→ TASK DETAILS
Leave the pictures out. Retype exactly the lines below from the one containing "配备新一代采埃孚TraXon" through the one containing "ライトオンスのスラブデニムを", and no others.

→ DATA RECORDS
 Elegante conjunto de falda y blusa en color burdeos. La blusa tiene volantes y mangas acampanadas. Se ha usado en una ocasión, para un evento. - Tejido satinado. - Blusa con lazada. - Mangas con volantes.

...

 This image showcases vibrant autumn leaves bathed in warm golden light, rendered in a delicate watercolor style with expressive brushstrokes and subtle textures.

--

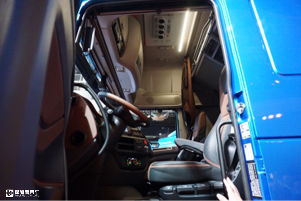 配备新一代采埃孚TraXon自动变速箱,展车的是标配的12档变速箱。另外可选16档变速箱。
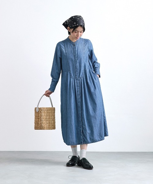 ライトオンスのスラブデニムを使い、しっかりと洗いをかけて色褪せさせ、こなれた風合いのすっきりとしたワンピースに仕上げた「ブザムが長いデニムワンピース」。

→ YOUR RESPONSE
 配备新一代采埃孚TraXon自动变速箱,展车的是标配的12档变速箱。另外可选16档变速箱。
 ライトオンスのスラブデニムを使い、しっかりと洗いをかけて色褪せさせ、こなれた風合いのすっきりとしたワンピースに仕上げた「ブザムが長いデニムワンピース」。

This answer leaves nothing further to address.